▶ EXTRACTED DATA
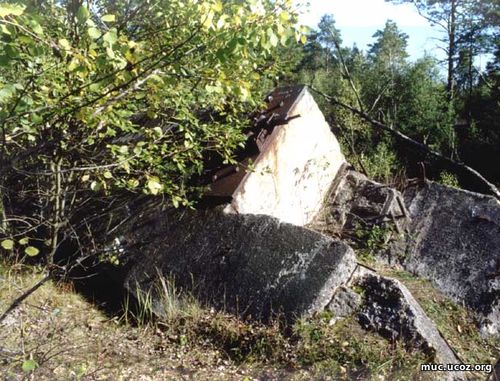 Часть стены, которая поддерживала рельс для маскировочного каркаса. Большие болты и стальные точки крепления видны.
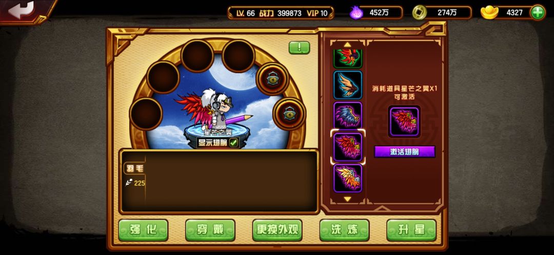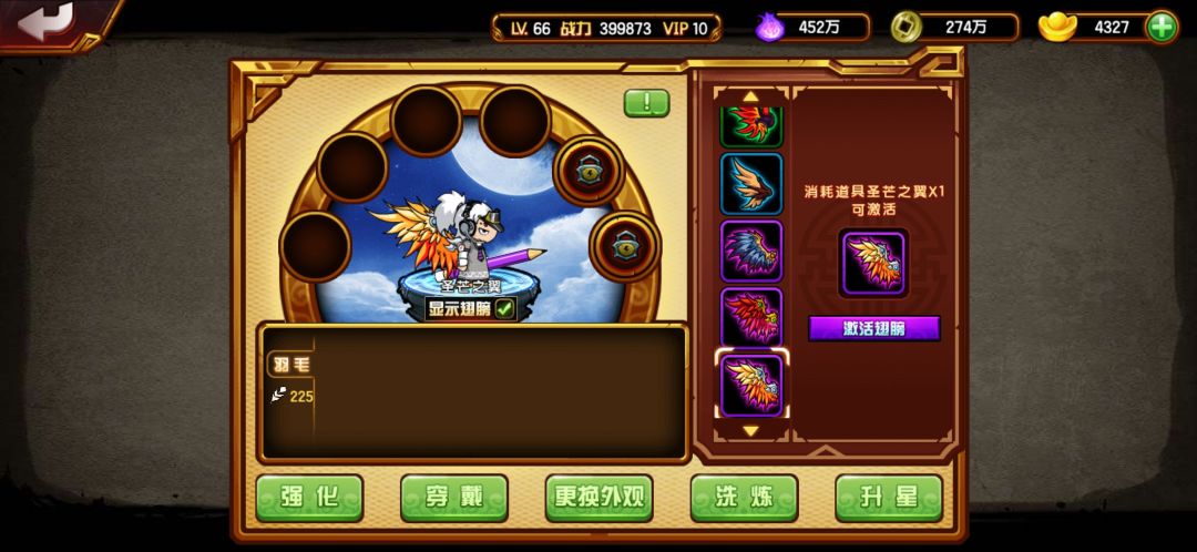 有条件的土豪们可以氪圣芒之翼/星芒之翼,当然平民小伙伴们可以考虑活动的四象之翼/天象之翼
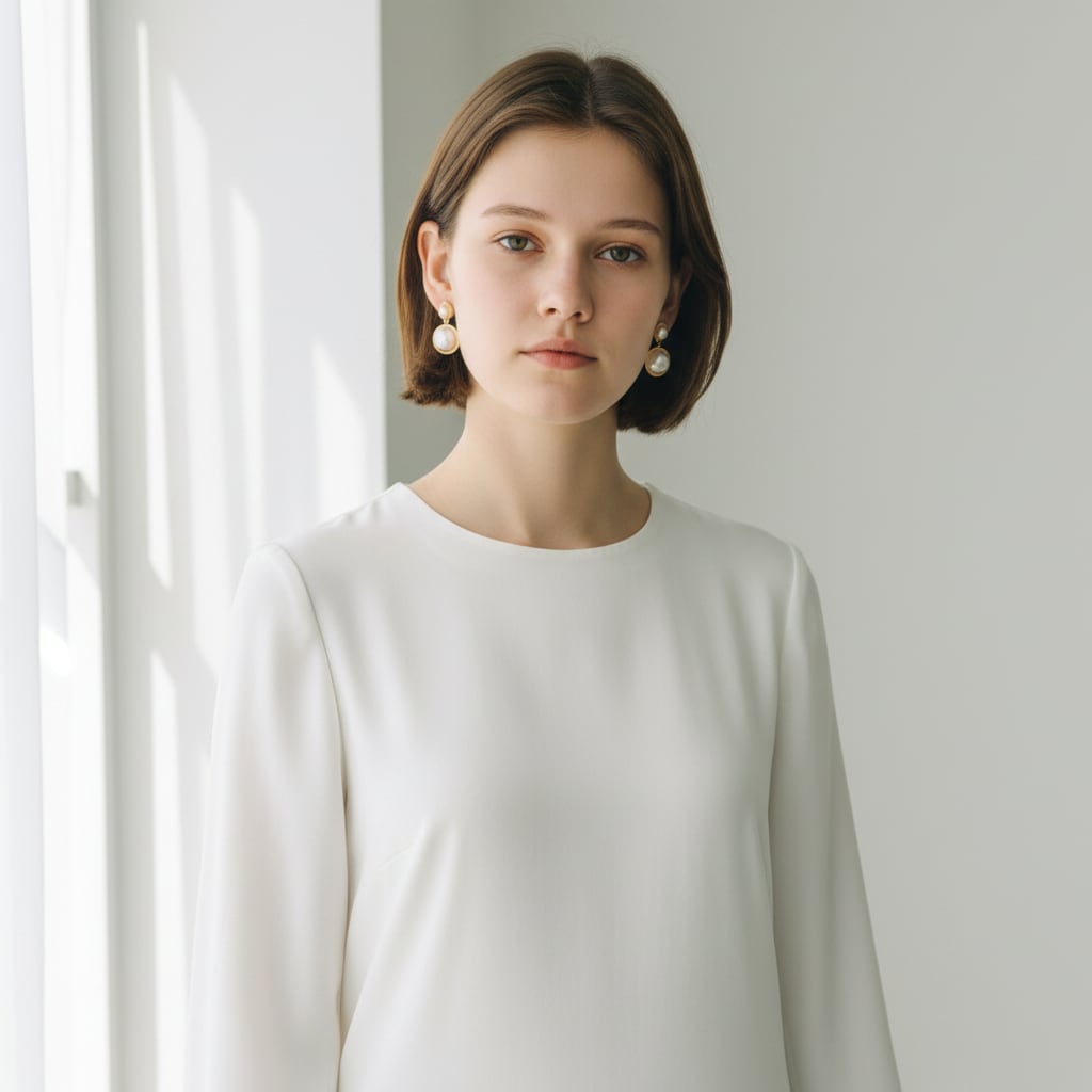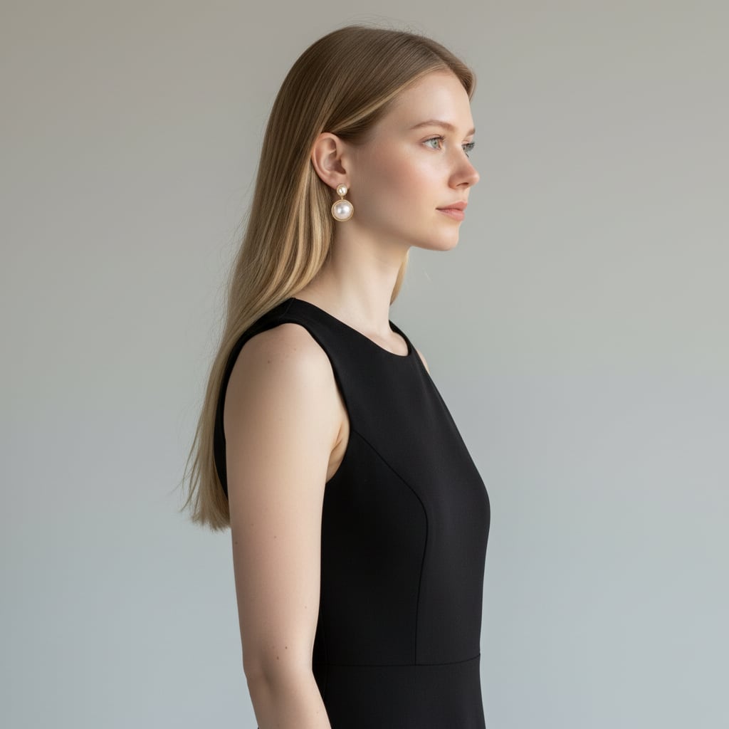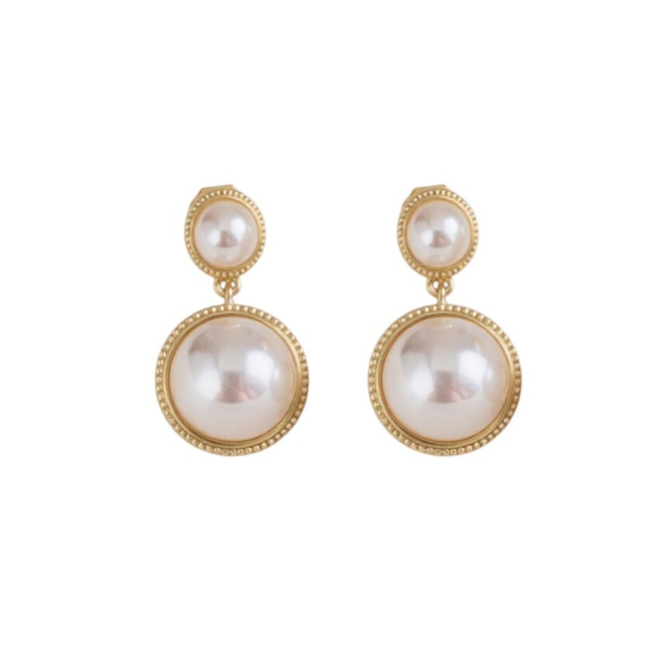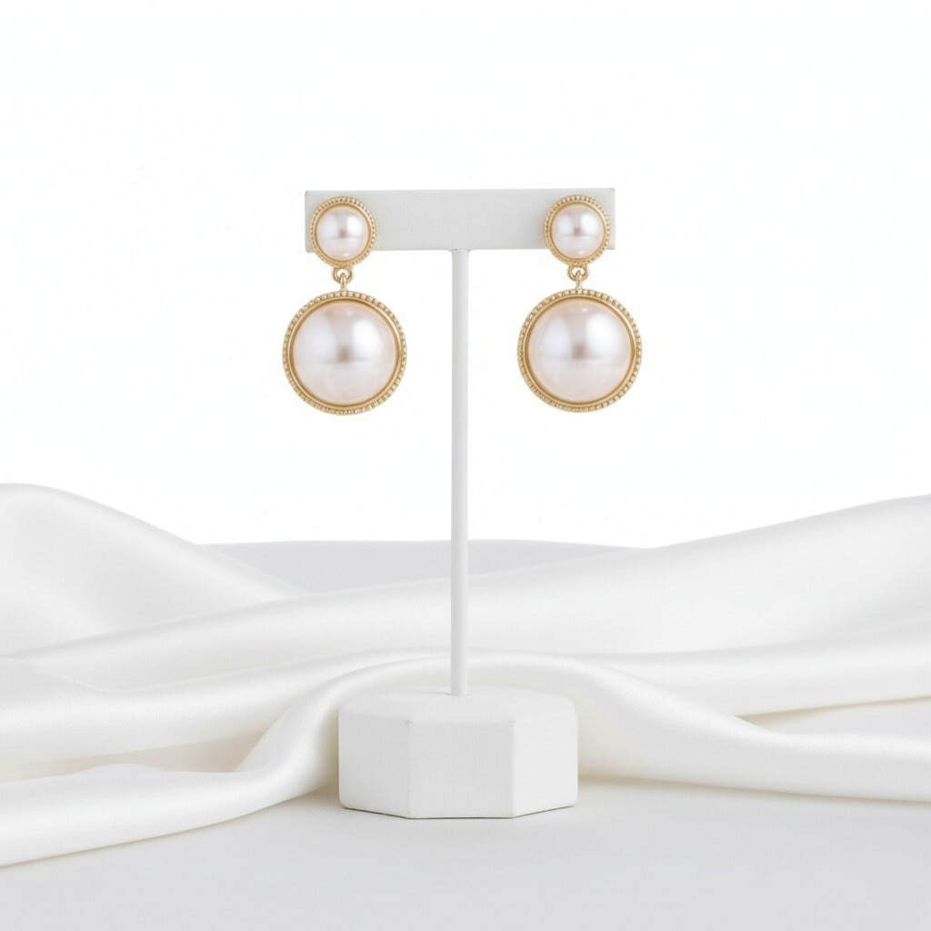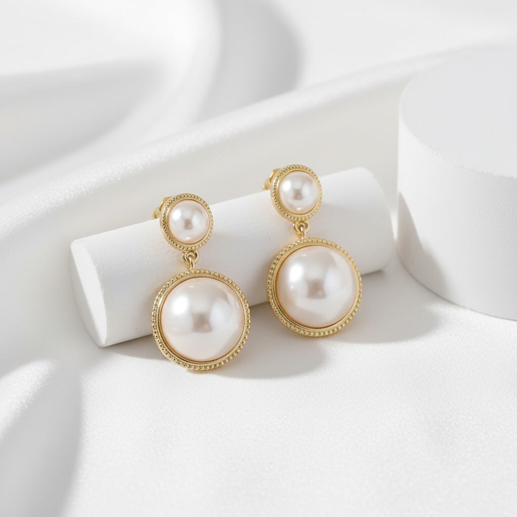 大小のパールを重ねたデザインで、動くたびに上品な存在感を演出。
* * *
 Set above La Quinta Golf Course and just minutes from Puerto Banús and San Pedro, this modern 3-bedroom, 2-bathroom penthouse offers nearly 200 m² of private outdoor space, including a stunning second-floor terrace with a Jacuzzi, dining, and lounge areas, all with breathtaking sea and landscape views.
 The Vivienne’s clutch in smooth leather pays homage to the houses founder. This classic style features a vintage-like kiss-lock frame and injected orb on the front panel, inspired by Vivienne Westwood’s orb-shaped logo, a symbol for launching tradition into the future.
==
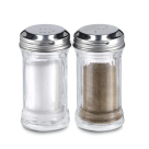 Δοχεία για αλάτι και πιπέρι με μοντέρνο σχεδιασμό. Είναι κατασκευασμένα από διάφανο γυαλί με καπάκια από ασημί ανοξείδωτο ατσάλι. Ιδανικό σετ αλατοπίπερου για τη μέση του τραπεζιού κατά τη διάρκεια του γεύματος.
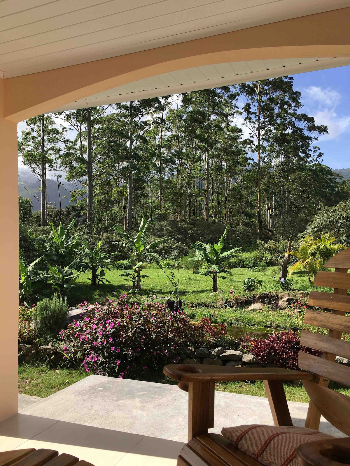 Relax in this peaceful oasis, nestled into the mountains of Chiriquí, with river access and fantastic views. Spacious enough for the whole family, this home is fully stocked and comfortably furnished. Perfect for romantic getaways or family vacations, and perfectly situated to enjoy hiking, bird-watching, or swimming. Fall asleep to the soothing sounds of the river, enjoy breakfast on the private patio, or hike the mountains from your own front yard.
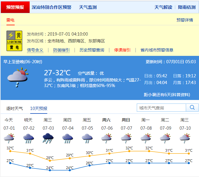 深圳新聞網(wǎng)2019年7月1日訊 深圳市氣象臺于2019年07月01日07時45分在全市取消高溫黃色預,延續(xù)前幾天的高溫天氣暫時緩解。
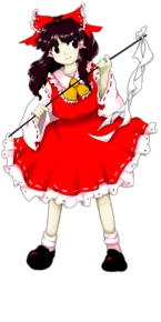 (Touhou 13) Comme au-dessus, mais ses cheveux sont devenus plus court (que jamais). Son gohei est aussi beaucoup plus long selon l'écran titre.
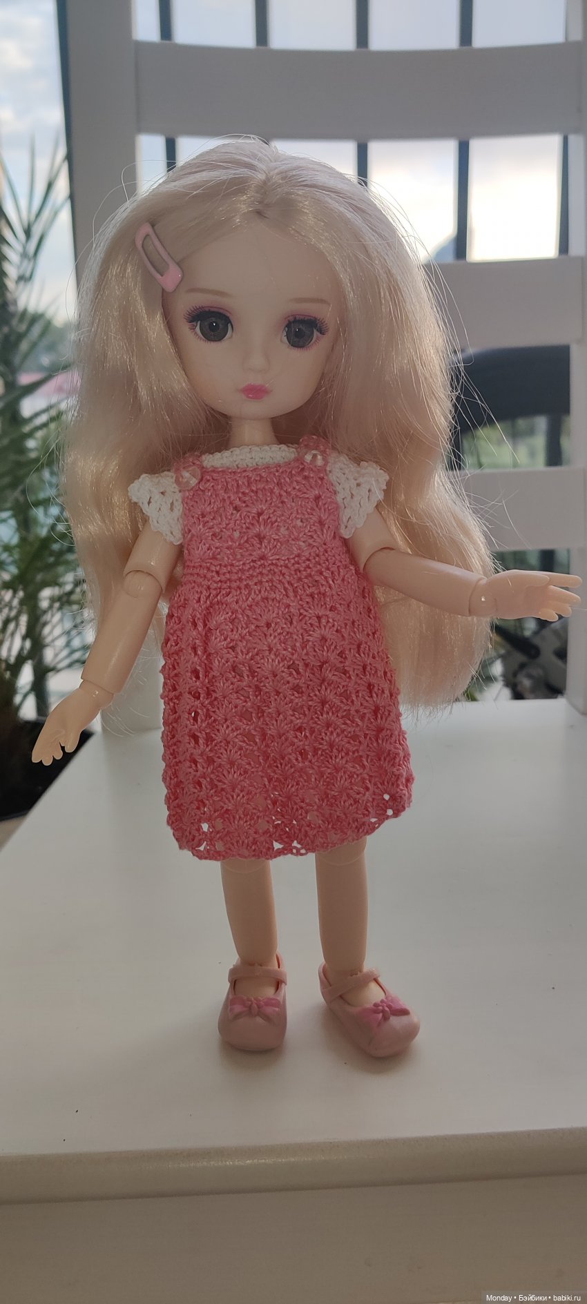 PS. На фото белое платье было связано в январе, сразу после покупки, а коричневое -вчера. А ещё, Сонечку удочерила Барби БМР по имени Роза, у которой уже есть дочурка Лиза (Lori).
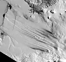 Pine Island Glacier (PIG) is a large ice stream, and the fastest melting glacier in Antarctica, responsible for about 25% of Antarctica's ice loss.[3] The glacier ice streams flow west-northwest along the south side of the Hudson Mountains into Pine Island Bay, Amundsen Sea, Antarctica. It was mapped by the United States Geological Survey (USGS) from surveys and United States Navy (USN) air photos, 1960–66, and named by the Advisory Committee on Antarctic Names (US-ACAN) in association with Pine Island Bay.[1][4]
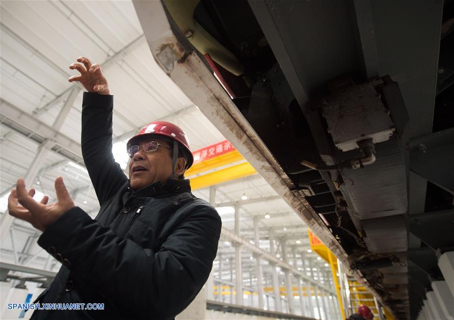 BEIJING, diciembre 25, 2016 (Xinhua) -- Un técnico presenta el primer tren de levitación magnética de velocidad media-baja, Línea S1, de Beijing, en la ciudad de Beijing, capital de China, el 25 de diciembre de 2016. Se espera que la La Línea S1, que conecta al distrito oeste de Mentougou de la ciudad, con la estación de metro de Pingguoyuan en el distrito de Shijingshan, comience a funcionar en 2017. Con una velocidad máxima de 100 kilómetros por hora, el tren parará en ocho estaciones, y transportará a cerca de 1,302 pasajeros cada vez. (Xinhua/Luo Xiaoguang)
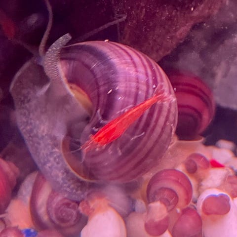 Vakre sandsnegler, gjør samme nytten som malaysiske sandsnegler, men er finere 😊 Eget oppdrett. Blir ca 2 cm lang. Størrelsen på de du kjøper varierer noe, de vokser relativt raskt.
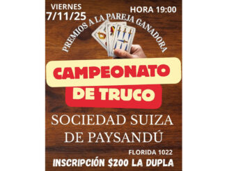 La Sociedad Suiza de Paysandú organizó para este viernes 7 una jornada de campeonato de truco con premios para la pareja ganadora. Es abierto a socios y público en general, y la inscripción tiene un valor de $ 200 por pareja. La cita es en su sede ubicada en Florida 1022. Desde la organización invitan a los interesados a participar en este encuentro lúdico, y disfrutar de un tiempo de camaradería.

▶ TASK REQUIREMENTS
Print from the line containing "Vakre sandsnegler, gjør" through the line containing "La Sociedad Suiza" in the data above, exactly as the lines stand, and omit every picture.

▶ ANSWER TO THIS TASK
 Vakre sandsnegler, gjør samme nytten som malaysiske sandsnegler, men er finere 😊 Eget oppdrett. Blir ca 2 cm lang. Størrelsen på de du kjøper varierer noe, de vokser relativt raskt.
 La Sociedad Suiza de Paysandú organizó para este viernes 7 una jornada de campeonato de truco con premios para la pareja ganadora. Es abierto a socios y público en general, y la inscripción tiene un valor de $ 200 por pareja. La cita es en su sede ubicada en Florida 1022. Desde la organización invitan a los interesados a participar en este encuentro lúdico, y disfrutar de un tiempo de camaradería.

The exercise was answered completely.